Very Early Trinitarian Expressions -- By: Stuart E. Parsons

Journal: Tyndale Bulletin
Volume: TYNBUL 65:1 (NA 2014)
Article: Very Early Trinitarian Expressions
Author: Stuart E. Parsons


Very Early Trinitarian Expressions

Stuart E. Parsons

Summary

While older scholarship identified the earliest use of Trinitarian terminology near the end of the second century in the work of Theophilus of Antioch, some recent studies have challenged this view. However, while affirming certain insights of these newer studies, it is necessary to revisit them in light of the historical setting of the second-century apologists.

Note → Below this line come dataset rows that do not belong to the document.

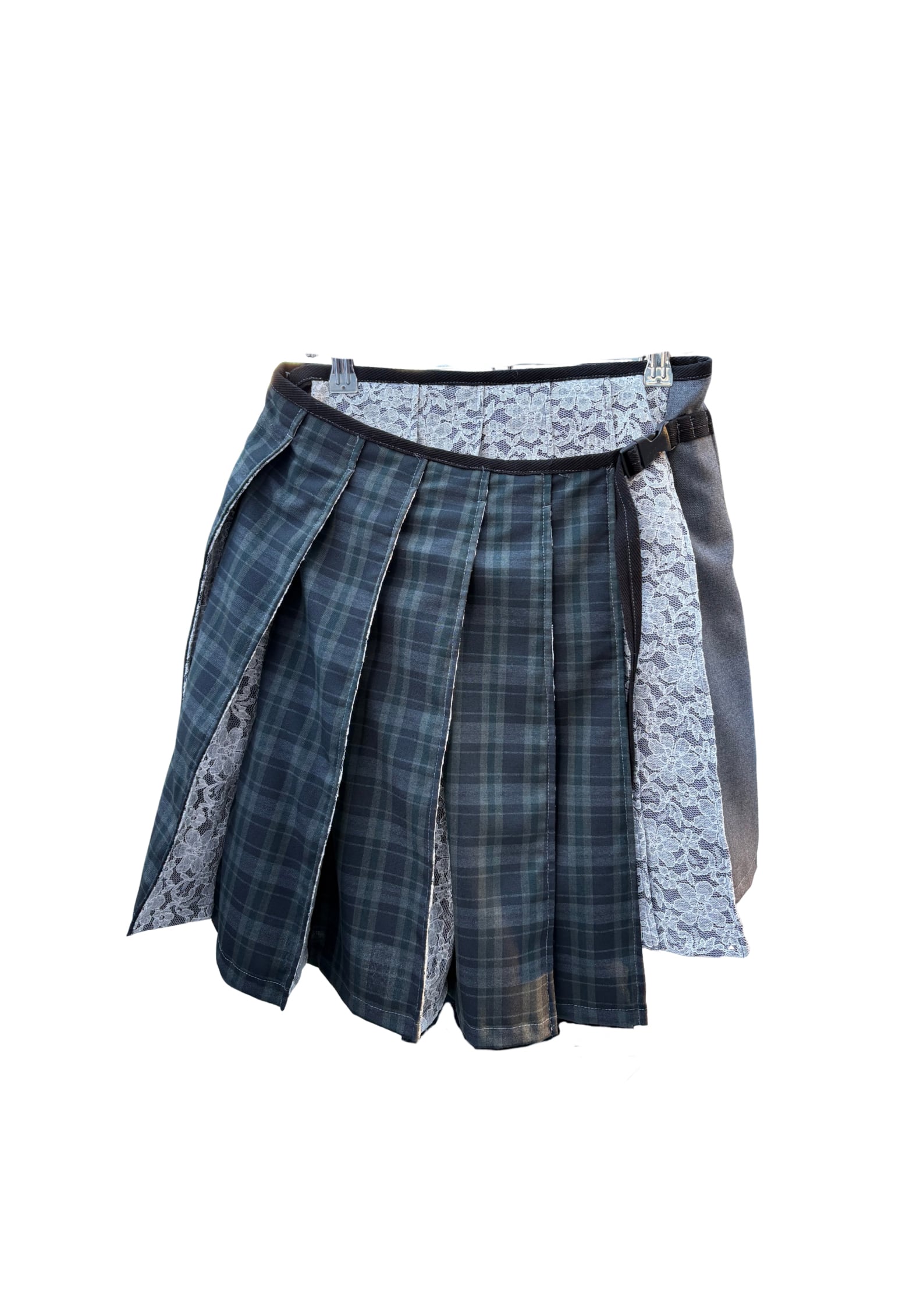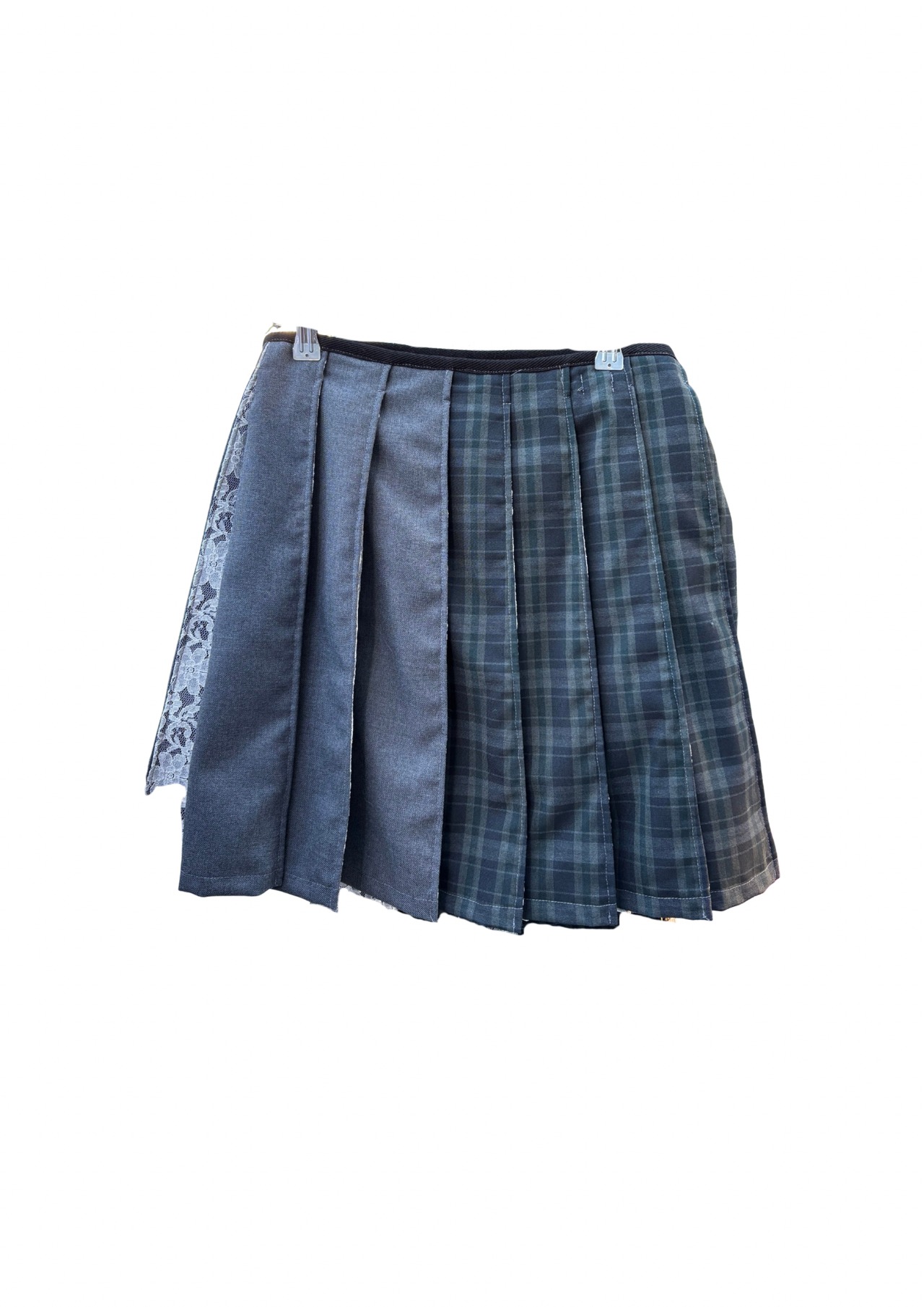 plaid pattern lace pleats skirt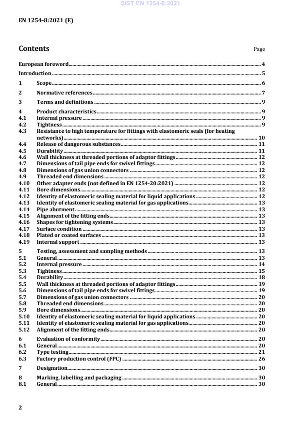 The article discusses the EN 1254-8:2021 standard which focuses on copper and copper alloy plumbing fittings. Specifically, it outlines the characteristics, assessment methods, compliance criteria, and designation system for fittings with radial and axial press ends. These fittings are designed for use with plastics and multilayer pipes, with a nominal diameter range of 10 mm to 160 mm. The document applies to copper alloy fittings, with a list of applicable alloys provided in CEN/TS 13388. It also mentions that adaptor fittings may combine press ends with fitting ends defined in other parts of EN 1254 and can have flanged end connections or a plated/decorative surface coating. The fittings can be produced using machining, metal forming, casting, or fabrication methods. The products covered by this standard are suitable for use in various liquid applications, such as hot/cold water systems, heating and cooling systems, drainage systems, fire protection systems, and supply systems for liquid fuels. They can also be used in gas applications, including natural gas and liquefied petroleum gas systems with a maximum operating pressure of 5 bar or less, as well as compressed air systems.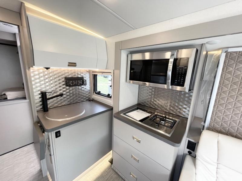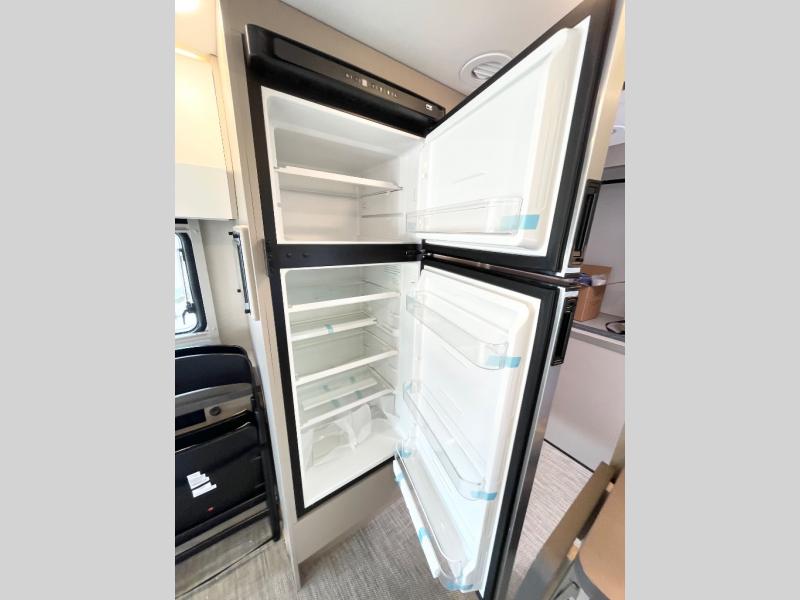 The Winnebago View 24T Class C diesel motorhome is functional, innovative, and stylish! You can rule the interstate with the Mercedes-Benz RWD Sprinter chassis, or choose the optional Mercedes-Benz AWD Sprinter chassis to tackle tougher terrain. A Lithium Power Package comes with a 320-amp-hour lithium battery and a dedicated second alternator that will allow you to charge the batteries faster while you're on the road. There are also two 120-watt solar panels to keep you going when you're off-grid. Since there is a heated gear garage with L-track cargo tie-downs, you can bring along two full-size bikes and additional gear for hiking, plus there are 110V/12V charging ports and LED lighting here for added convenience. The contemporary interior features blackout roller shades for the lounge and dining area, woven vinyl flooring throughout, and dimmable LED lighting. There is also a Winnebago Connect that is integrated into your Winnebago app that acts as your RV companion. Now you can stay informed on vehicle system alerts, travel prep resources, energy management, and more!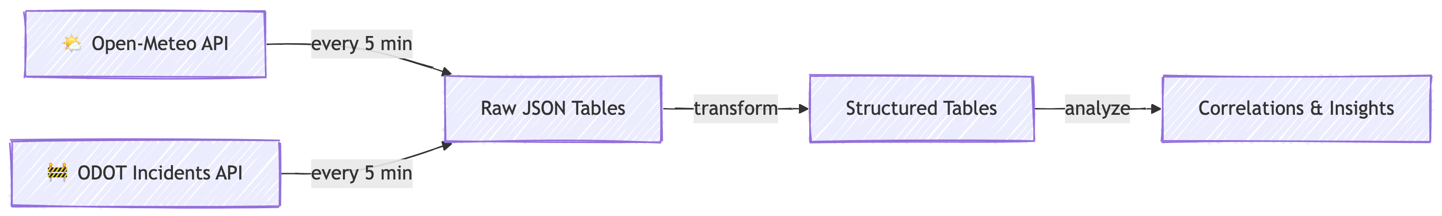 We are building a pipeline that continuously collects data from two public APIs, stores it in a cloud database, and transforms it into structured tables ready for analysis.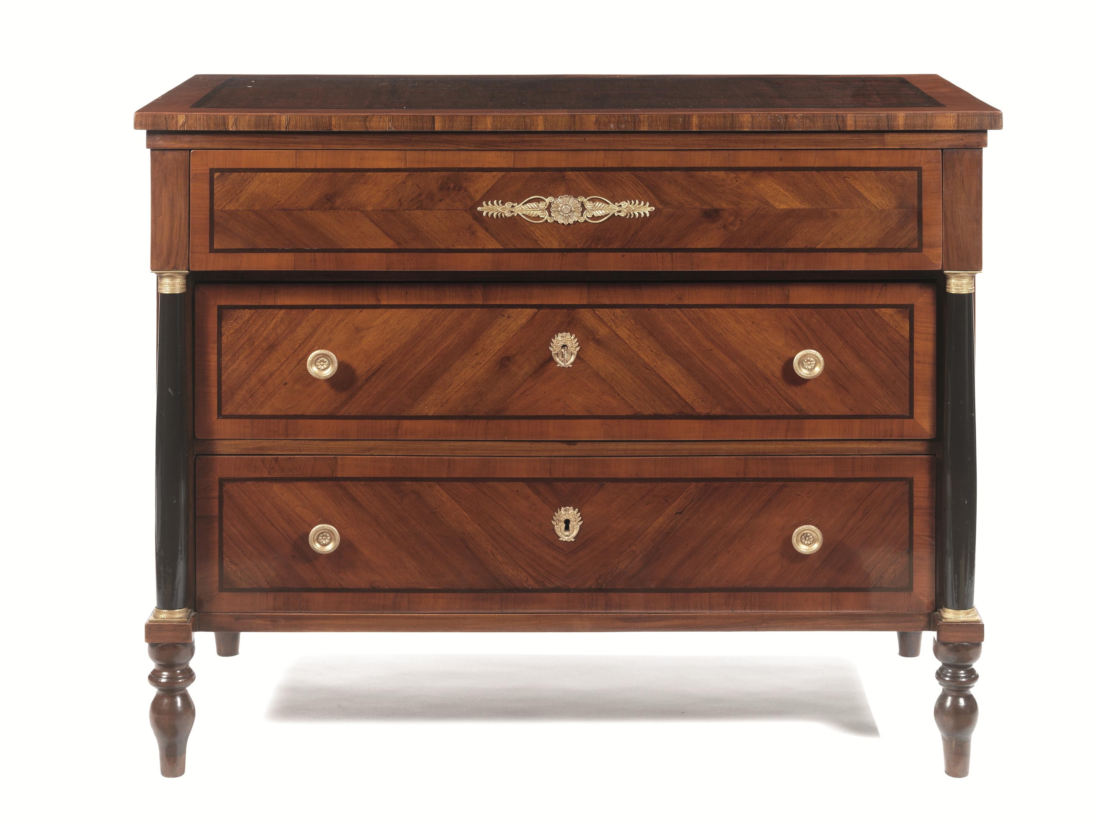 Cassettone impero, Toscana, inizi sec. XIX, in noce e ciliegio, un cassetto...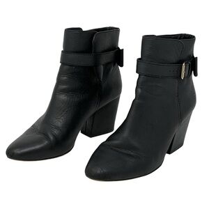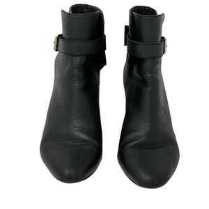 3” heel. Buckle detail. Rear bow with gold tone spade logo. Good used condition. **Toes on both booties show wear, see last pic**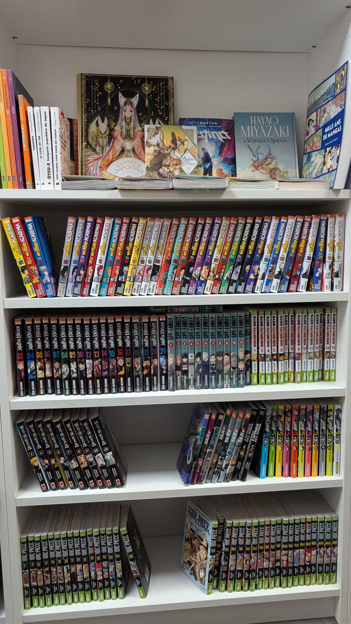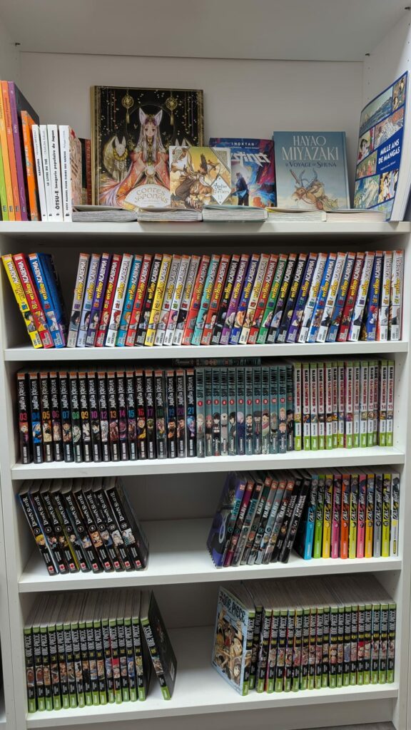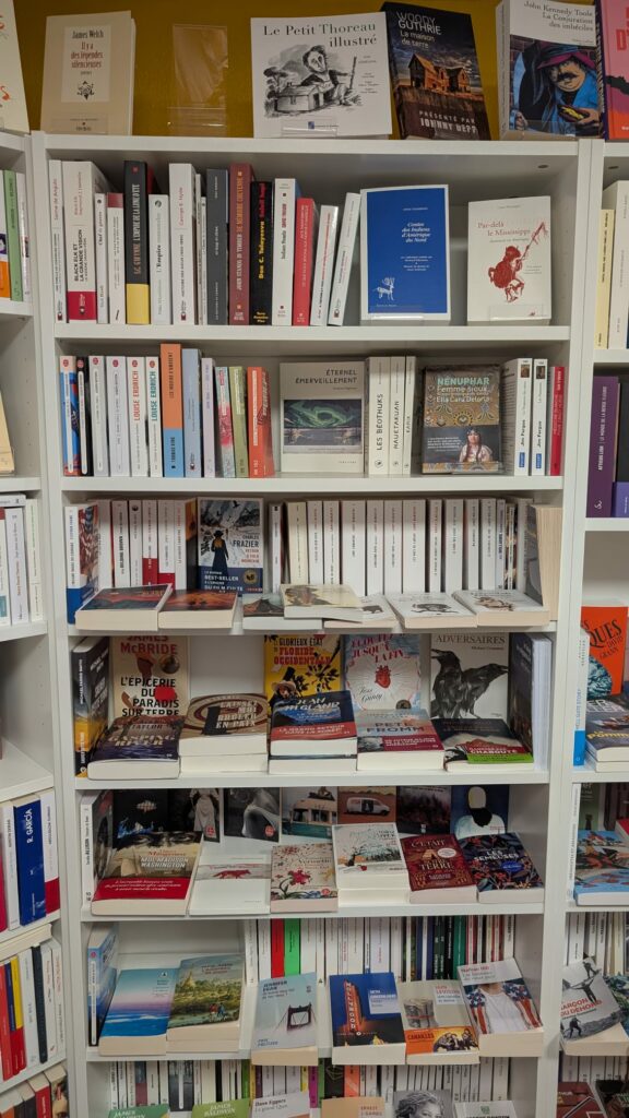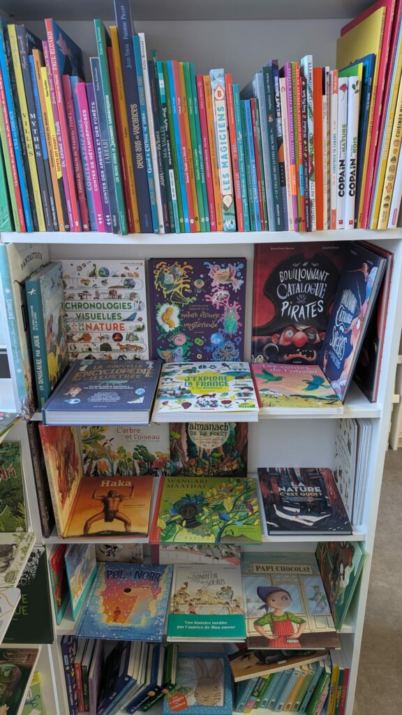 A 7 kilomètres de la maison, Nexon est une petite ville qui compte 2.500 habitants, un cirque permanent, un collège, une médiathèque, et une très chouette librairie / café / bar à vins que je viens enfin de découvrir (alors qu’elle a ouvert il y a trois ans!), grâce à mon amie Muriel qui m’y a emmené ce soir. On y trouve de tout, pour les parents, pour les ados, pour les jeunes enfants: c’est l’endroit idéal pour se retrouver autour d’un verre pendant que les courtes pattes se perdent dans la découverte de nouveaux univers graphiques et littéraires. Le tout avec une qualité de choix assez surprenante pour une si petite ville rurale, et avec au hasard des rayons quelques livres qui m’ont donné un énorme pincement au coeur, car ils ont beaucoup compté pour moi (« Parler pour que les enfants écoutent, écouter pour que les enfants parlent », « Beauté fatale », « Des arbres pour le futur »…)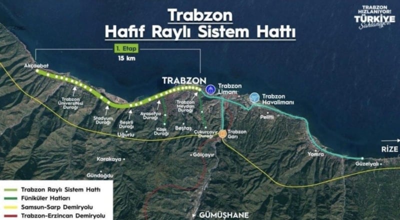 "Projeye genel itibariyle 824 bin kişinin yaşadığı şehrimizde özellikle Akçaabat, Yomra ve Ortahisar ölçeğimizde 500 bin nüfusun yaşadığı sirkülasyonun en yoğun olduğu alana hizmet etme hedefiyle beraber başlanılıyor. Yani Akçaabat ve Yomra arası planlanıyor ancak projemizin başlangıç aşaması şehir hastanemizin de hizmete alınmasıyla beraber daha yoğun bir alan olacak. Etaplamanın en yoğun alanı Akyazı-Meydan olarak yani 8,7 kilometrelik alan itibarıyla inşallah başlayacağız. Hemen akabinde üniversitemize, yani Akyazı-Havalimanı aksı ile 16 kilometrelik kısmını Ortahisar ölçekli olarak ele alacağız. Ardından da Akçaabat bağlantımız ve Yomra bağlantımız şeklinde projemizi inşallah devam ettirmeyi arzu ediyoruz."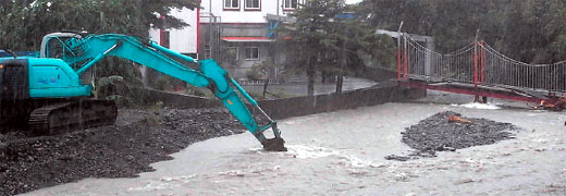 災(zāi)情最嚴(yán)重的是冬山鄉(xiāng)的太和村,上游的十三份溪在上次芭瑪臺(tái)風(fēng)來(lái)襲時(shí),溪里大量土石淤積,還來(lái)不及全部清除,這次又逢大雨,溪水暴漲淹到路面,多條農(nóng)路封閉?h府工務(wù)處緊急出動(dòng)3臺(tái)挖土機(jī)疏浚十三份溪,避免溪水的水位持續(xù)升高,造成更嚴(yán)重的災(zāi)情。

In reality, Theophilus and other early apologists evidenced a certain implicit Trinitarianism by affirming unity, distinction, eternal pre-existence and economic subordination in the Godhead. Studies of early Trinitarian terminology must look beyond explicit descriptions of the Godhead. They must consider also broad patterns of implicit Trinitarianism.

1. Introduction

Older concepts of the Trinitarianism of the second-century apologist, Theophilus of Antioch, have been challenged of late. This is significant, since he has often been considered the first Christian to use Trinitarian terminology.1 These older concepts assert that when Theophilus writes that God, his Logos, and his Sophia are types of a triad (τριάς), he is making the earliest terminological reference (c. 180) to the Trinity.2 J. N. D. Kelly represents this older perspective when he

writes, ‘In spite of his tendency to blur the distinction between the Word and the Spirit, he really had the idea of the holy Triad fixed firmly in his mind.’3 Some more recent studies have both nuanced and challenged this older assessment. For example, when Nicole Zeegers-Vander Vorst describes Theophilus’ doctrine of the Sophia of God as Stoic, she does not also show how his Sophia doctrine relates to pre-Nicene Trinitarian thought.4 Rick Rogers explicitly denies Trinitarianism in Theophilus’ writings. He asserts concerning Theophilus, ‘He is not trinitarian or intentionally the initiator of trinitarian ideas.’5

Our goal here is to affirm certain insights surfaced by such newer views while at the same time adding nuance to them in light of the historical setting of the second-century apologists. We shall see that while Theophilus makes expressions about God that may lack some of the explicit detail of later Nicene statements, he nevertheless evidences an implicit though not explicit sense of the Trinity.